In my forward function, I want to set all masked value be -inf after a sigmoid operation, here is my code:

    def forward(self, x, mask):
        x =
        x = self.linear2(x).squeeze(-1)
        score = torch.sigmoid(x)
        score[mask] = -math.inf
        return score

when execute the backward propogation, I got

RuntimeError: one of the variables needed for gradient computation has been modified by an inplace operation

but if I change the order of inplace operation and sigmoid function, this error will not occur:

    def forward(self, x, prev_w, mask):
        x =
        x = self.linear2(x).squeeze(-1)
        x[mask] = -math.inf
        score = torch.sigmoid(x)
        return score

under these circumstances, I also execute an inplace operation(x[mask] = -math.inf), but it works well in backpropagation (though the results are not what I want since the masked value are set to 0 after sigmoid operation, not -inf), so here is my question:

  1. what is the difference between these two types of codes when executing backpropagation in Pytorch? I know inplace operation is not allowed in backpropagation, but in my understanding,

x[mask] = -math.inf

is also an inplace operation, right?

  1. how can I correctly get what I want, in other words, set all masked value to be -inf after sigmoid operation and can also properly execute backpropagation?

Thanks for your help!

I found this issue on Github and maybe it’s related to my problem.
backward pass different behaviors with inplace operation

To my understand, when calculate the derivative of score, Pytorch’s autograd mechanism uses the formula S'(x) = S(x)(1-S(x)), which means we cannot change the S(x) because we need it. In my second case, the inplace operation is before the sigmoid operation, so the second case doesn’t raise error.

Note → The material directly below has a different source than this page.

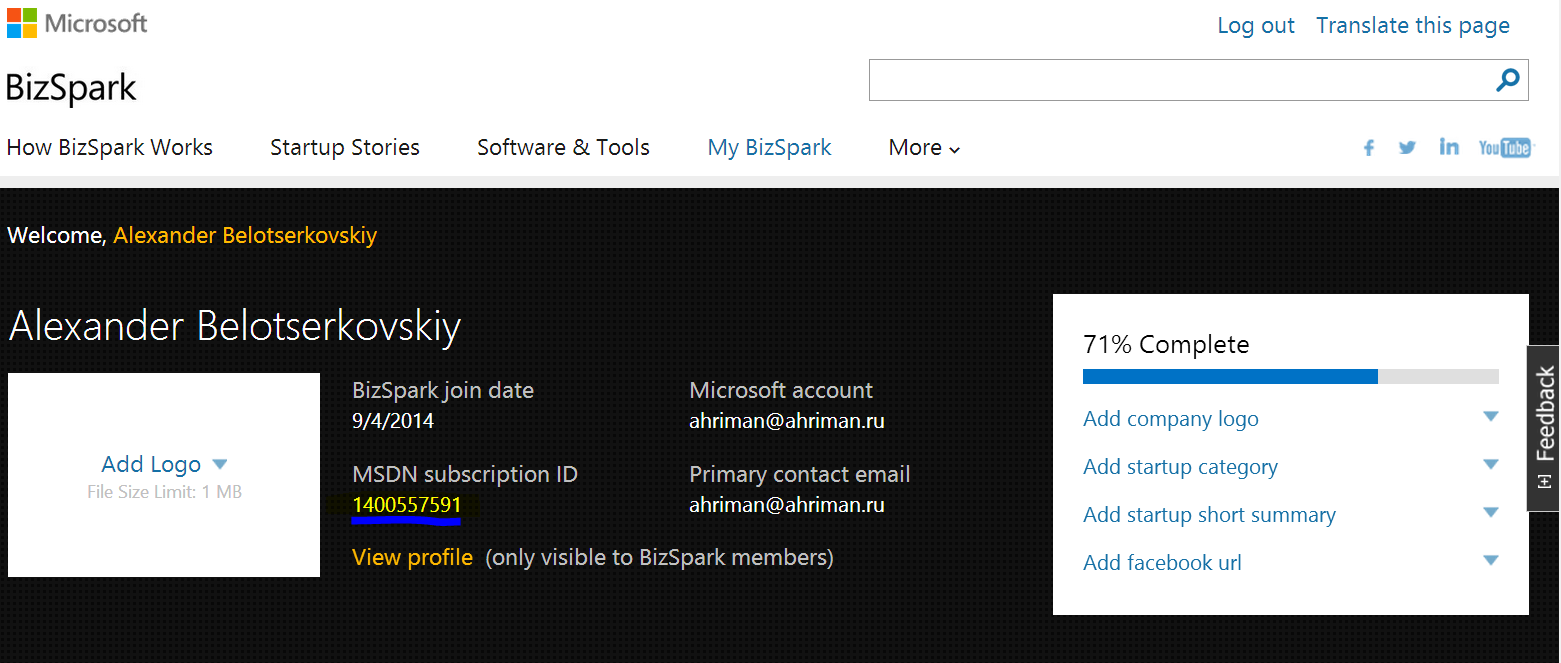 Перейдите на официальный сайт BizSpark: https://www. /bizspark/startup. Запомните идентификатор подписки (на скриншоте выделен желтым).

But here comes another question (:cry:), why the inplace operation on x doesn’t raise error? or more clearly, why the following codes doesn’t raise error?

a = torch.randn((5), requires_grad=True)
b = 2*a + 1
c = b*b + 1
b[1] = 0.
d = torch.mean(b)

in this case, b is needed to correctly compute the gradient of c, but b is modified after c, why this case doesn’t raise error?

why the inplace operation on x doesn’t raise error?

Because in your second example, you change x before the sigmoid. So that is fine.

If you were modifying x after doing the sigmoid, it wouldn;t be a problem either as the sigmoid only requires its output to compute the gradient, not its input.
If you want to see the details, you can see here that result is used to compute the gradients but not self. So you can modify self as much as you want.

Your example code

I think you have a typo as you never use c :slight_smile: